Friday, September 17, 2010
Constitution Day - Citizenship Day
Nearly 234 years ago an assembly of individuals living on the Eastern shores of the North American continent gathered to shed their titles as subjects and declare their independence as free men. They believed in the radical notion that people were entitled to rights that could not be disputed nor deprived by any other man or government.
This declaration, however, was not limited to a select few who happened to be born of a certain nation, no, independence in this country was declared to the citizens of the world. The document was an open invitation to all who dreamed of liberty and freedom. Traditional boundaries could not prevent those seeking equality, because these natural rights cannot be contained by imaginary borders. Life, liberty, and the pursuit of happiness is something all people should be able to enjoy.
It is fitting that we gather today at Homestead National Monument of America for this event, because Abraham Lincoln, who so believed in the principles of the Declaration of Independence, extended another invitation to the citizens of the world seeking to participate in the American Dream when he signed the Homestead Act of 1862. All peoples regardless of gender, ethnicity, or nationality were invited to stake their claim and declare their independence.

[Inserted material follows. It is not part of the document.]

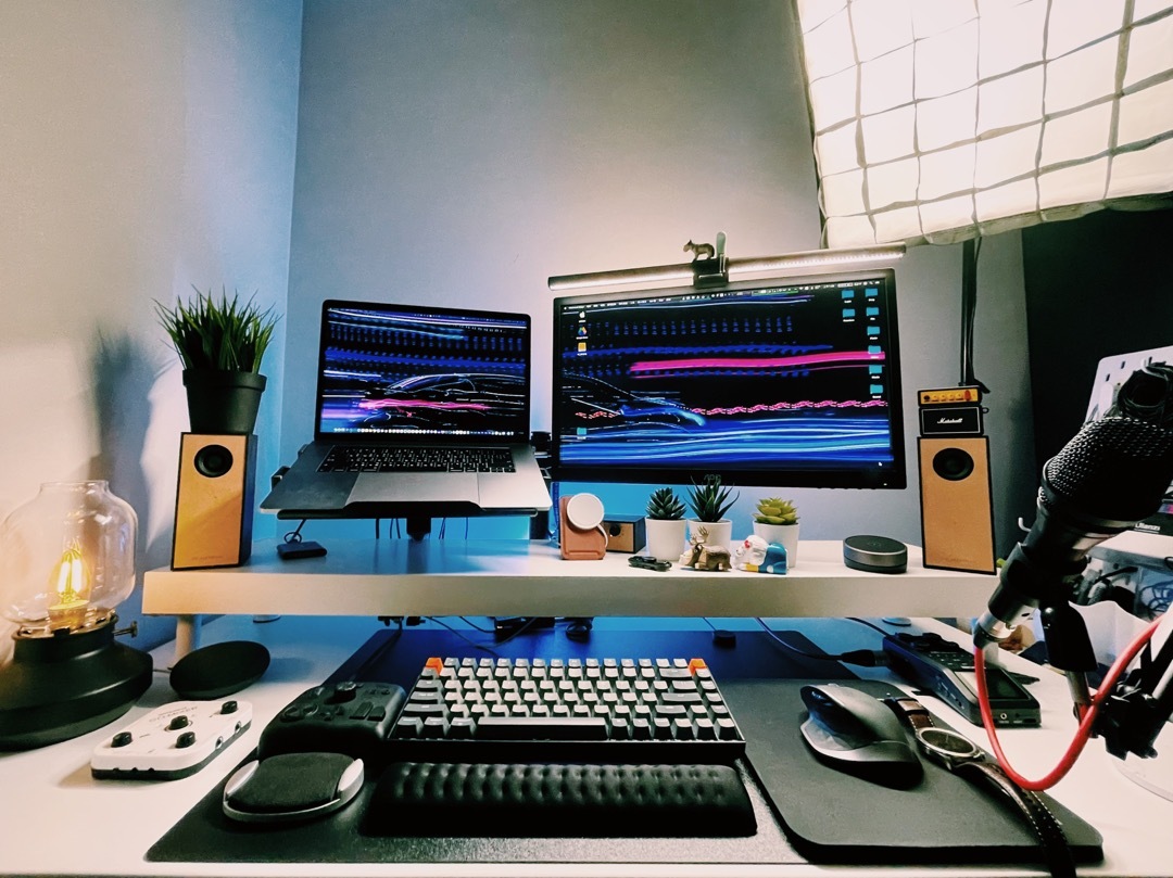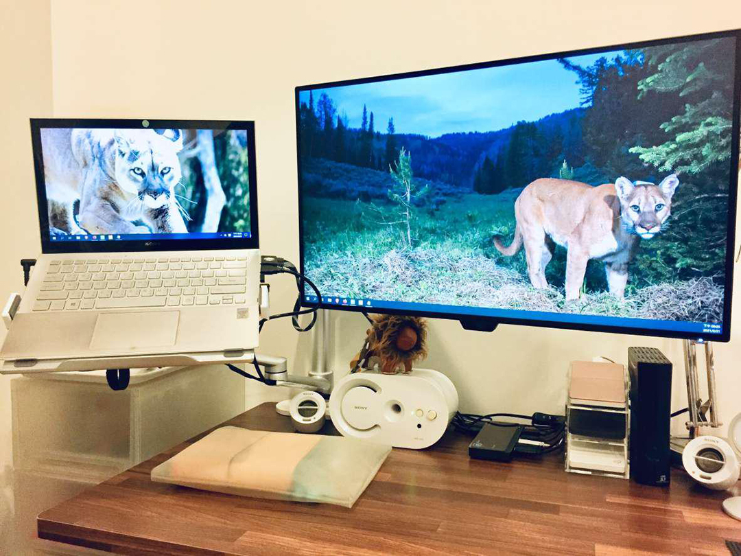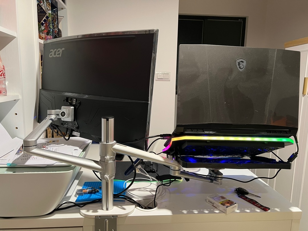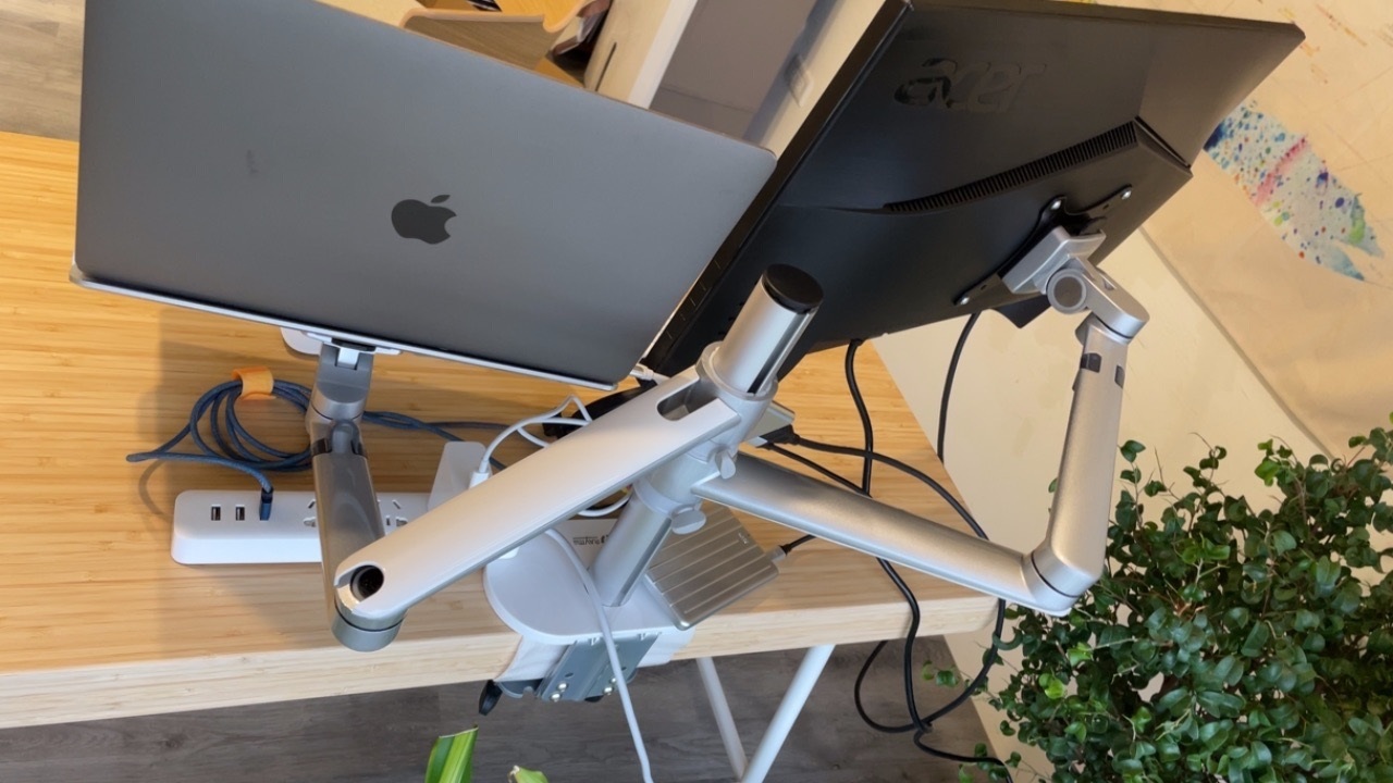 3. 雙螢幕效率加倍:雙臂設計,帶有筆電托盤,同時擁有螢幕支架與筆電支架

But what is the American Dream? It is not something tangible; instead, it is a spirit that has burned forever in the minds of free thinking people, finally released upon the world on that momentous fourth day of July in 1776 and written down for posterity. This spirit can mean many things to many people but it is grounded in the fundamental idea of freedom! It is the force behind individuals seeking to actively participate in the direction of their political, economic, social, and personal lives. This spirit has manifested itself differently since becoming the governing force of our country 234 years. Every generation since the birth of this country has had individuals who sought to limit, confine, and designate who can and cannot be free, fortunately for us; you cannot limit, confine, or designate a spirit of this magnitude.
Waves of our ancestors have flowed into this country at different times and they have built a great nation around this spirit. Peak immigration years coincide with peaks in applications for land under the Homestead Act. This is not a statistical coincidence; it is evidence of the penetrating affects of the American Dream. The resulting effect can be attributed to the successes of our nation; standing as a clear testament to the resolve and determination these new citizens demonstrated.
Today, you take your place as citizens of the United States of America; you are taking the first steps to becoming part of the legacy that has made this nation great.